* **Exercise description**:
In the records below, the line that contains "Купить Дымчатая закрытая" marks the start. Copy it and each line after it through the end, exactly, without pictures.

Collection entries
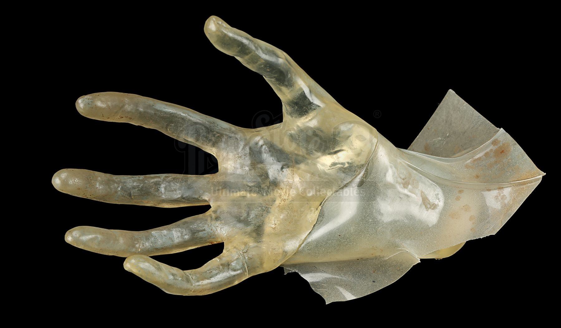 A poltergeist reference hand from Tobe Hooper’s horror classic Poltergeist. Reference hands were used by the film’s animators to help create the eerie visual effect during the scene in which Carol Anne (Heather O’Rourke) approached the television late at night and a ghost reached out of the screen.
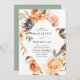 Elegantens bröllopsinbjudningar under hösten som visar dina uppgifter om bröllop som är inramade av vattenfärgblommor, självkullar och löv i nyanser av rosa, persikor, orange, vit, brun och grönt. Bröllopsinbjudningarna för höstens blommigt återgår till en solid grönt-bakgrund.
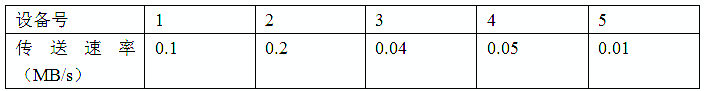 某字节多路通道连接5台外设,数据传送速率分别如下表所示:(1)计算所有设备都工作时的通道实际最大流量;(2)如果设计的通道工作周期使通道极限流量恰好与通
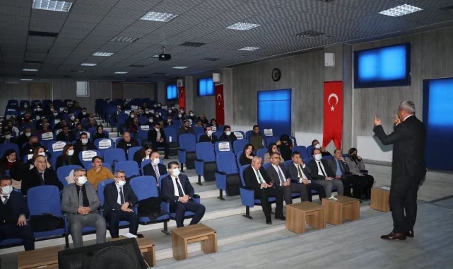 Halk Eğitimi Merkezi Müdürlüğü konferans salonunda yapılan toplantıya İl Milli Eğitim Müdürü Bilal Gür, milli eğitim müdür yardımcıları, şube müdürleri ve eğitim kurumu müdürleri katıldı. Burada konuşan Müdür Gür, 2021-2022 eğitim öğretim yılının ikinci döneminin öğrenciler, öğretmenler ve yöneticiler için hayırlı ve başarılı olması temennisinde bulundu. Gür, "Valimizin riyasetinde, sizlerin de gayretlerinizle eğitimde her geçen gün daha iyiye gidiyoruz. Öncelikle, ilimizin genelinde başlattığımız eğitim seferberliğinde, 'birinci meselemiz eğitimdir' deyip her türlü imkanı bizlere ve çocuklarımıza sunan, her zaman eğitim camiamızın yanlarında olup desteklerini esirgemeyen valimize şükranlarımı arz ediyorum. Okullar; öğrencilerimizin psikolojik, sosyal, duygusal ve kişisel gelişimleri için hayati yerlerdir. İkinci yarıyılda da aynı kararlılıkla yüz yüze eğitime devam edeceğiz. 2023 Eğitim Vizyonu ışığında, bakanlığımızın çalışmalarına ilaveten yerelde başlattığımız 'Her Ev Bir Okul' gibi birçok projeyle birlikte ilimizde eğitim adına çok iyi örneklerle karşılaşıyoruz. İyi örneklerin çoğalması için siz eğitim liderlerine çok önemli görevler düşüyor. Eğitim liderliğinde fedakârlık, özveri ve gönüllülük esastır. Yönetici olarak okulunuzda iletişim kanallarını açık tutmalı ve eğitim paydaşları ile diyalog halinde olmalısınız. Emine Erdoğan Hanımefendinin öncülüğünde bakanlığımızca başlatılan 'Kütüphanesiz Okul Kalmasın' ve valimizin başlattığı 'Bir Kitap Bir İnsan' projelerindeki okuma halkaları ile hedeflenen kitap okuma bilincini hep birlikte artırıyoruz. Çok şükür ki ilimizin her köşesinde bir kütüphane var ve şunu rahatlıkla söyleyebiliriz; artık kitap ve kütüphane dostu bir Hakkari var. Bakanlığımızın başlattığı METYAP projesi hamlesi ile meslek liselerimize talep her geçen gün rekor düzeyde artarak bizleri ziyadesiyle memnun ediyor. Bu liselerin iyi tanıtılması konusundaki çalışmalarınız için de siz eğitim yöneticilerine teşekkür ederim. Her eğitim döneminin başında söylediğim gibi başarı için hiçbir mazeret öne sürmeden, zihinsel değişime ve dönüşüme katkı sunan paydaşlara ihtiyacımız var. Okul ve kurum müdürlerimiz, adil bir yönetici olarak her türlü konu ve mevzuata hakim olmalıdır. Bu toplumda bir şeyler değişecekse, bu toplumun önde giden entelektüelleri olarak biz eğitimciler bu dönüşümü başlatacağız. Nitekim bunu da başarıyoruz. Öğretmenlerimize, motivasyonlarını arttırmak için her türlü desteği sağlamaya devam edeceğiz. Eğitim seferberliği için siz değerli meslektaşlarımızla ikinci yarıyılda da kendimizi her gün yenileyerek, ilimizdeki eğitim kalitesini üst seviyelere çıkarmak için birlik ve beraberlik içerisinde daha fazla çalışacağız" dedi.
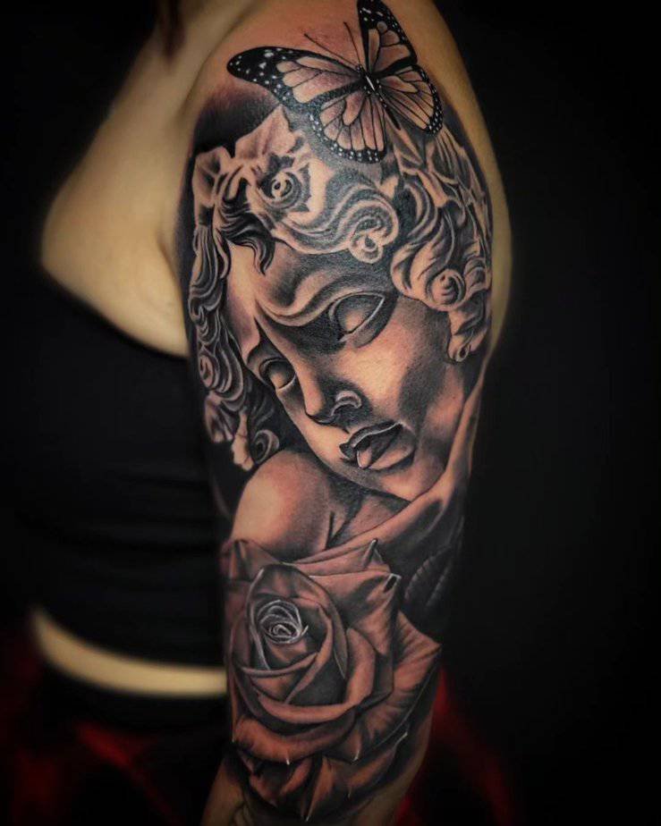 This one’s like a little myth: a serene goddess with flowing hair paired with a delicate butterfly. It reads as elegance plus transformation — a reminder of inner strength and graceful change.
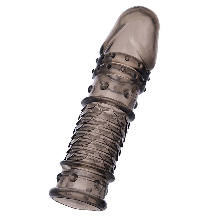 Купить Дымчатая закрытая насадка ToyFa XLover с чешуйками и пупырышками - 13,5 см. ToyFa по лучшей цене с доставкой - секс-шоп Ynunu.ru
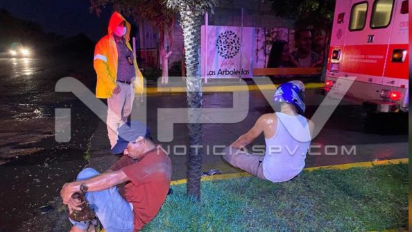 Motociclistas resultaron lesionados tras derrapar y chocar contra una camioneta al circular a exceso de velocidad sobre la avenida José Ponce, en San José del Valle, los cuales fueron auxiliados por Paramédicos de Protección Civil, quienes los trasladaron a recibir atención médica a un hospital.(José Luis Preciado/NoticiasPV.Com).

* **Problem solution**:
 Купить Дымчатая закрытая насадка ToyFa XLover с чешуйками и пупырышками - 13,5 см. ToyFa по лучшей цене с доставкой - секс-шоп Ynunu.ru
 Motociclistas resultaron lesionados tras derrapar y chocar contra una camioneta al circular a exceso de velocidad sobre la avenida José Ponce, en San José del Valle, los cuales fueron auxiliados por Paramédicos de Protección Civil, quienes los trasladaron a recibir atención médica a un hospital.(José Luis Preciado/NoticiasPV.Com).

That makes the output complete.